As predicted by the ideal model, the flexible heat pump can operate on a quasi-two-stage mode to achieve an average COP up to 20% higher than conventional single-stage heat pumps under same operational conditions, depending on the heat supply temperature and working fluids. It should be noted that this is the theoretical upper limit and real systems will achieve less improvement.

A prototype built with off-the-shelf parts, with a small water tank as heat storage, has demonstrated 3.7% COP improvement when the heat production temperature is only 35 °C, achieving around 50% of the calculated theoretical upper limit under the same condensing temperature as shown in Fig. 5a. The COP improvement increases as the heat supply temperature increases almost linearly. As indicated by projection shown in Fig. 5 (i.e., around 50% of the theoretical upper limit), up to 10% COP improvement may be achieved as the heat production temperature increases to 65 °C in real systems.
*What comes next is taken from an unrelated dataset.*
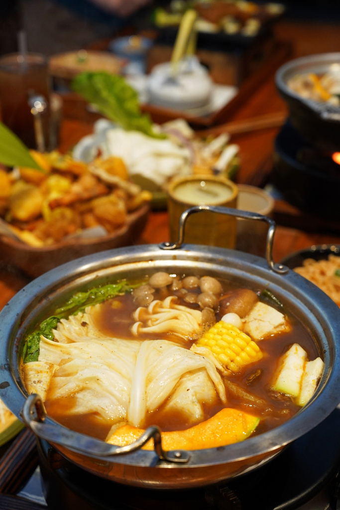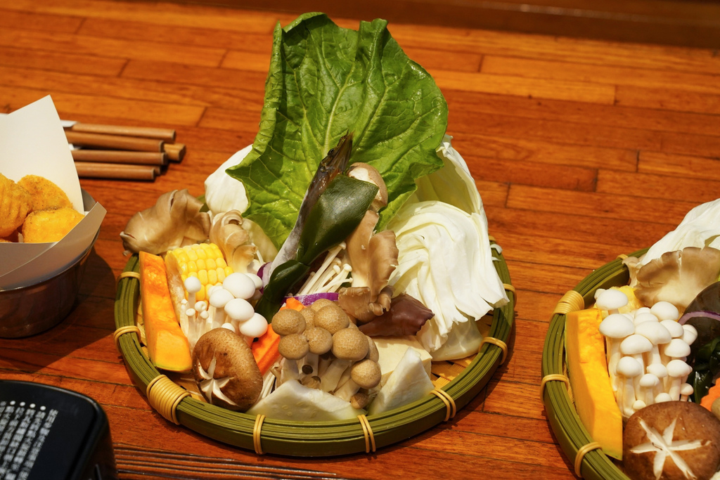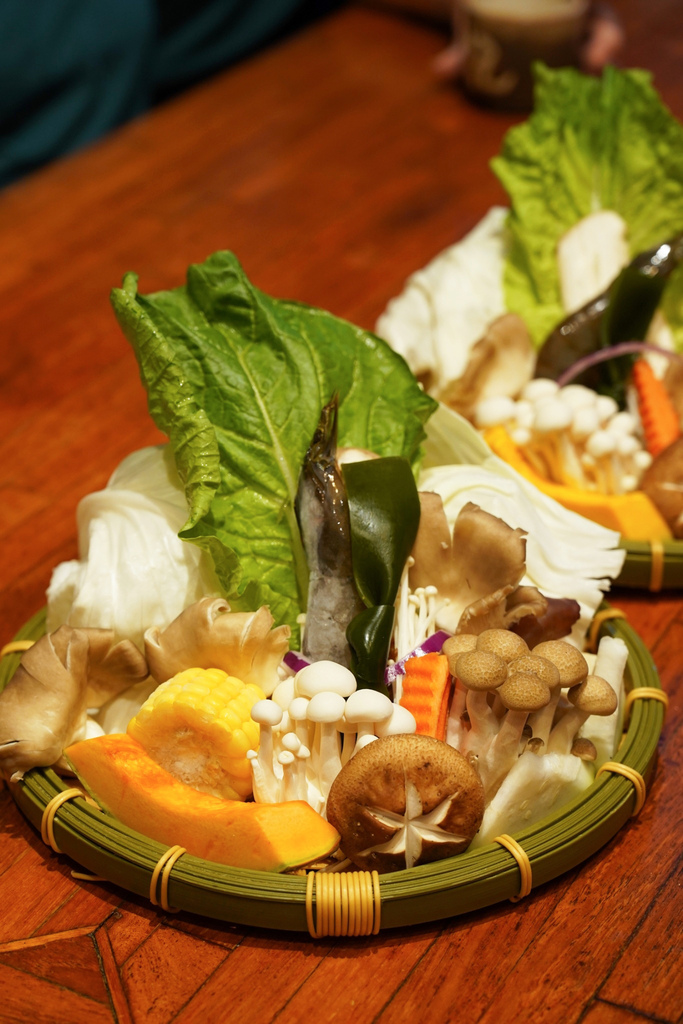 ▼附的菜盤內容也很豐富,包含各種蔬菜、菇類、白蝦。

The COP improvement is strongly affected by the portion of time that the flexible heat pump can operate on the discharging mode that has a higher COP. The higher the time ratio 𝛽LatentβLatent, the longer the discharging operation, and thus the higher the COP improvement. Therefore, refrigerants with a high specific heat in liquid state and a small latent heat of evaporation could achieve better COP improvement using the flexible heat pump cycle.
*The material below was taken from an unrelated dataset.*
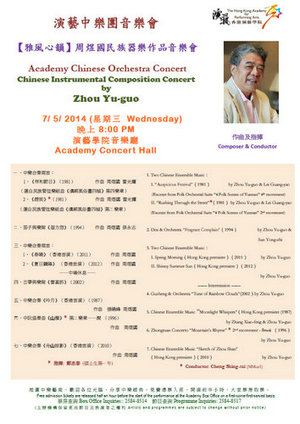 5月7日晚,由周煜国执棒,演艺学院中乐团演绎的《“雅风心韵”-周煜国民族器乐作品音乐会》在演艺学院音乐厅隆重上演。音乐会演出了周煜国十一首民族管弦乐作品,协奏类三首,合奏类八首,其中十首作品均在国内各类重大赛事中获得奖项,六首作品为香港首演。演出得到了当地机构和各界人士的重视和关注,香港演艺学院音乐学院院长蔡敏德博士、中乐系主任余其伟教授、古筝许菱子女士、香港爱乐民乐团艺术指导/首席指挥何文川先生、团长陈文颖女士亲临了音乐会,香港中乐团孙永志、朱文昌、辛小玲、辛晓红、崔灿、葛杨、张莹、高山等其他社会各界艺术家及内地爱乐人士光临了音乐会现场,并为音乐会带来了热情的祝福和声援。音乐会现场座无虚席,长达120分钟的音乐会,在热情洋溢、欢快明朗的返场曲“惊涛”声中圆满落下帷幕。音乐会后嘉宾们纷纷评价:“周氏以高超的艺术境界及忠诚尽职之操守给我们乐队深刻教诲……期望多出佳作,后会有期。”“音乐中充满了历史感和意蕴,秀美而苍茫……余音绕梁,令人难忘!”“整个乐队排练合乐及演出阶段,接触到老师优美的作品,指挥大气自然,流畅的音乐呈现出巨大的内在力量。”

Both latent and sensible heat storage can deliver similar COP improvement, but a sensible heat storage using water is considered to be the most cost-effective solution. The cost of a small water tank heat storage is marginal, but the COP improvement is substantial.

For ASHP applications, the discharging mode can directly use the hot liquid refrigerant exiting the condenser for defrosting whilst maintaining continuous heating supply, which could further save energy compared with current ASHPs. The experimental results qualitatively demonstrated the hot liquid can provide heat to the evaporator, showing its potential for defrosting. Further numerical and experimental research is required to fully demonstrate and exploit this potential.
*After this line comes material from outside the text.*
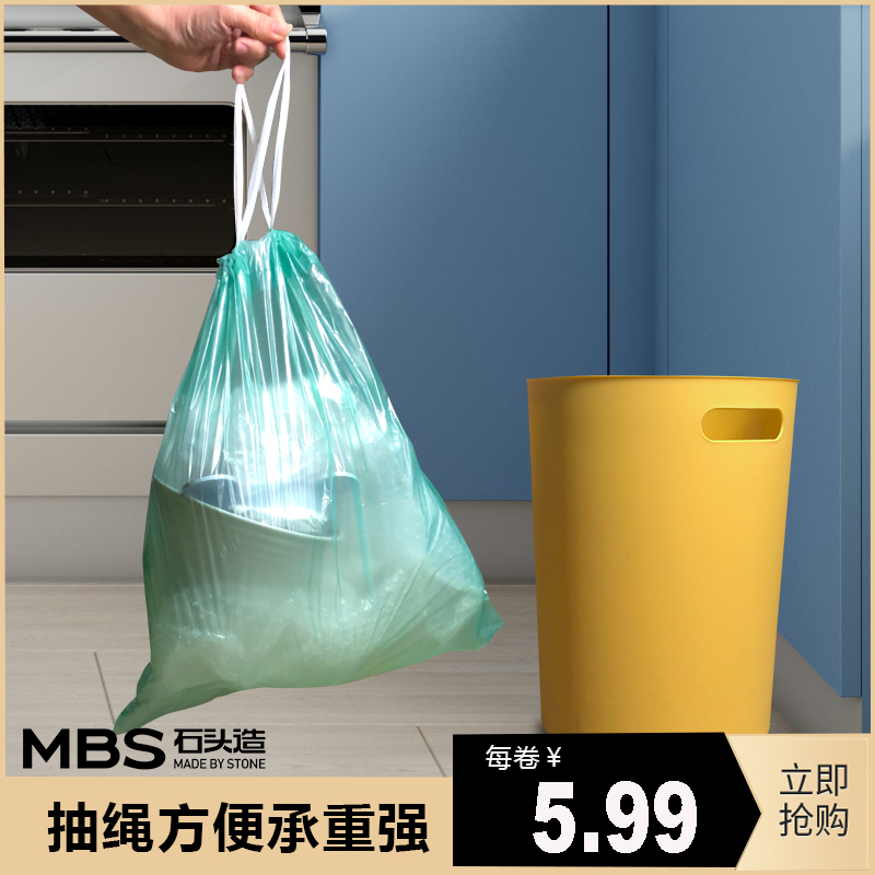 石头造抽绳垃圾袋家用加厚自动收口厨房塑料袋清洁袋子加厚防漏

Limitation of the theoretical modelling: As described in Section 3, idealised thermodynamic models are used to find the theoretical maximum COP improvement using the flexible heat pump cycle. Such a theoretical maximum gives us a basis to gauge the performance of the prototype against what the possible maximum might be. Furthermore, the proposed flexible heat pump cycle can be applied to all heat pumps regardless of what the heat source is. In order to keep the model generic, only the conditions of the refrigerant side of the evaporator are considered. As a result, this approach has neglected the change of heat transfer conditions within the evaporator during the charging and discharging modes.

Comparing with the standard Evan-Perkins heat pump cycle, the amount of heat recovered by the heat storage during the charging mode of the flexible heat pump cycle needs to be compensated by an increase of heat transfer within the evaporator. As a result, the predicted maximum COP improvement by the above simulations may be slightly reduced. A more advanced model that considers all potential losses should be developed to provide more accurate calculations, which is however beyond the scope of this paper.

Conclusion

This paper reports an invention of the flexible heat pump which integrates heat storage into the conventional vapour-compression cycle to recover the sensible heat that is contained in the hot liquid refrigerant leaving the condenser. The recovered heat is then used as an ancillary source for the heat pump operation periodically, improving the system’s overall COP. Furthermore, the flexible heat pump cycle, through the in-cycle heat storage, potentially enables wider applications for utilising intermittent, temperature-changing, low-grade heat sources, such as external waste heat recovery and further integration with systems such as solar thermal energy collector.